Is it any different than training a human? What if a person learned programming by hacking on GPL public code and then went to build proprietary software?
It is different in the same way that a person looking at me from their window when I pass by is different from a thousand cameras observing me when I move around city. Scale matters.
> a thousand cameras observing me when I move around city. Scale matters.
reply
While I certainly appreciate the difference, is camera observation illegal anywhere where it isn't explicitly outlawed? Meaning, have courts ever decided that the difference of scale matters?
No idea. I was not trying to make a legal argument. This was to try to convey why someone might feel ok about humans learning from their work but not necessarily about training a model.
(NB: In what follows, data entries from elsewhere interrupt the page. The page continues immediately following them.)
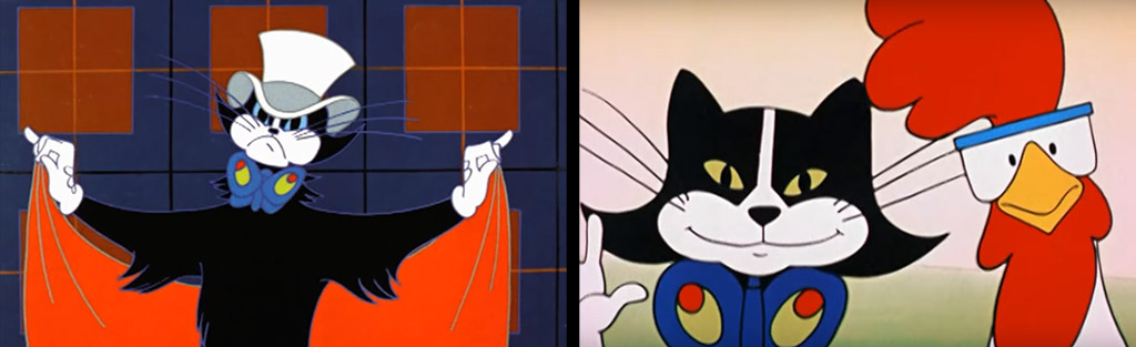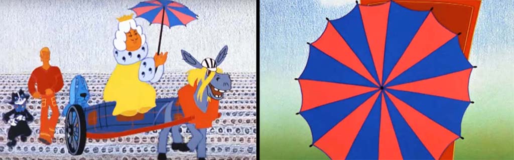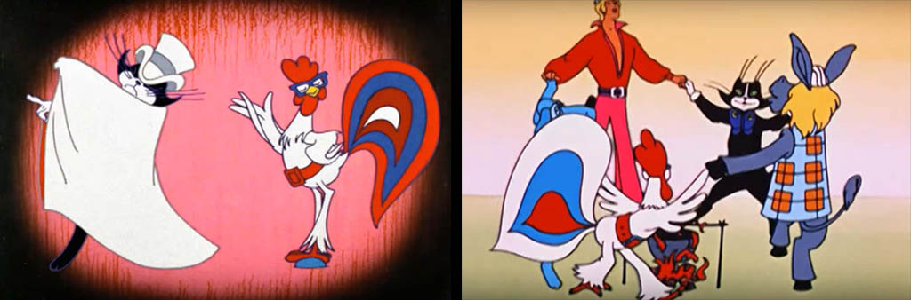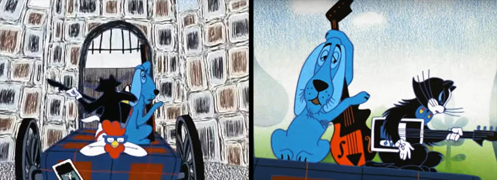 По традиции первым делом смотрим на что-то пропадающее. Начнем с Петуха, странным образом исчезнувшего с повозки в считанные кадры. Можно предположить, что его заслонили — но Пес и Кот сидят слишком далеко друг от друга. Петух явно сошел погулять.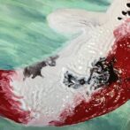 六角形のキャンバスに錦鯉をテーマにした油絵を描きました。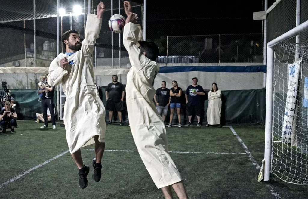 La recreación del gol de la mano de Dios ante Inglaterra por los fieles de la Iglesia Maradoniana

This is a lovely analogy, akin to "sharing mix tapes" vs "sharing MP3s on Napster". I fear the coming world with extensive public camera surveilance and facial recognition! (For any other "tin foil hatters" out there, cue the trailer for Minority Report.)
You can rest assured that this is already the case if your picture was ever posted online. There are dozens of such products that law enforcement buys subscriptions to.
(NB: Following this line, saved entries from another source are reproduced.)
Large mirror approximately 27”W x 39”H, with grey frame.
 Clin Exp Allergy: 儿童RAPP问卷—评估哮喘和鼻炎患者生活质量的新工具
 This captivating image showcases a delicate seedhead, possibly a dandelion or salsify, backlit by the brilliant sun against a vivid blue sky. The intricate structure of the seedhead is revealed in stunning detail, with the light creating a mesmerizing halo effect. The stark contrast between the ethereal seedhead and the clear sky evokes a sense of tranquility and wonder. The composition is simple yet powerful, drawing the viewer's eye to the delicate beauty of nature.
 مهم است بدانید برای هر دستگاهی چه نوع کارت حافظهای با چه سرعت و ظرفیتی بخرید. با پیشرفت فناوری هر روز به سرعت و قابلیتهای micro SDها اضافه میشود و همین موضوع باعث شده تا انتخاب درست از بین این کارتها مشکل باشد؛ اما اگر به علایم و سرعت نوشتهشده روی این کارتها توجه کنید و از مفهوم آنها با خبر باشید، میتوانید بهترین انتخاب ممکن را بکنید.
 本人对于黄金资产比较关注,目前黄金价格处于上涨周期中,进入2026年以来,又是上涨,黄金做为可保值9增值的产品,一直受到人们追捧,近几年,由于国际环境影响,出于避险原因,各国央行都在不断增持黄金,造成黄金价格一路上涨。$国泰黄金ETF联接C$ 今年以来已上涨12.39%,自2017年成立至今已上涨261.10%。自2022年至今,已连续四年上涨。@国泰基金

A human being who has learned from reading GPL'd code can make the informed, intelligent decision to not copy that code.
My understanding of the open problem here is whether the ML model is intelligently recommending entire fragments that are explicitly licensed under the GPL. That would be a licensing violation, if a human did it.
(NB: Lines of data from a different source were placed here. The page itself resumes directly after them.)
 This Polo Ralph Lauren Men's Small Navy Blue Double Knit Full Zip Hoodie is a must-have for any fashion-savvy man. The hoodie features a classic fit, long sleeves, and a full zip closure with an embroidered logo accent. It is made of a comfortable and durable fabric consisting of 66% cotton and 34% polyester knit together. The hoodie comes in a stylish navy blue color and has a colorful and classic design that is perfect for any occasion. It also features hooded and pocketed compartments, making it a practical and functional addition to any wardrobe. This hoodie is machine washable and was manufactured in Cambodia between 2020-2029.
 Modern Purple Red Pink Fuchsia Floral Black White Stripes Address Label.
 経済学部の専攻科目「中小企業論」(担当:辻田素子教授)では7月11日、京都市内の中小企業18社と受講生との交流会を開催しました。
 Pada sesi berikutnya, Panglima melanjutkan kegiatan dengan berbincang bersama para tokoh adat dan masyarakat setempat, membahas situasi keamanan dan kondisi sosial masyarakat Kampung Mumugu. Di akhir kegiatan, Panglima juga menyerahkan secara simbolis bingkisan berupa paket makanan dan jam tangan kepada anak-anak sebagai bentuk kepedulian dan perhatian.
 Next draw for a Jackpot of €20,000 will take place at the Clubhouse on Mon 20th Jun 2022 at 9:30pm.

Actually, I believe it's tricky to say if even human can actually do that safely. There's the whole concept of "cleanroom rewrite" - meaning, if you want to rewrite some GPL or closed-source project into a different license, you should make sure you never ever seen even a glimpse of the original code. If you look on GPL or closed-source code (or, actually, code governed by any other license), it's hard to prove you didn't accidentally/subconsciously remember parts of this code, and copy them into your "rewrite" project even if "you made a decision to not copy". The border between "inspired by" and "blatant copyright infringement" is blurry and messy. If that was already so tricky and troublesome legal-wise before, my first instinct is that with the Copilot it could be even more legally murky territory. IANAL, yet I'd feel better if they made some [legally binding] promises that their model is based only on code carefully verified to have one of an explicit (and published) whitelist of permissive licenses. (Even this could be tricky, with MIT etc. actually requiring some mention in your advertising materials [which is often forgotten], but now that's a completely different level of trouble than not knowing if I'm infringing GPL or some closed-source code, or other weird license.)
Would you hire a person who only knew how to program by taking small snippets of code from GPL and rearranging them? That's like hiring monkey's to type Shakespeare.
The clear difference is that a human's training regimen is to understand how and why code interacts. That is different from an engine that replicates other people's source code.
Exactly so it needs licensing of some sort - this is closer to cover tunes than it is to someone getting a CS degree and being asked to credit Knuth for all their future work.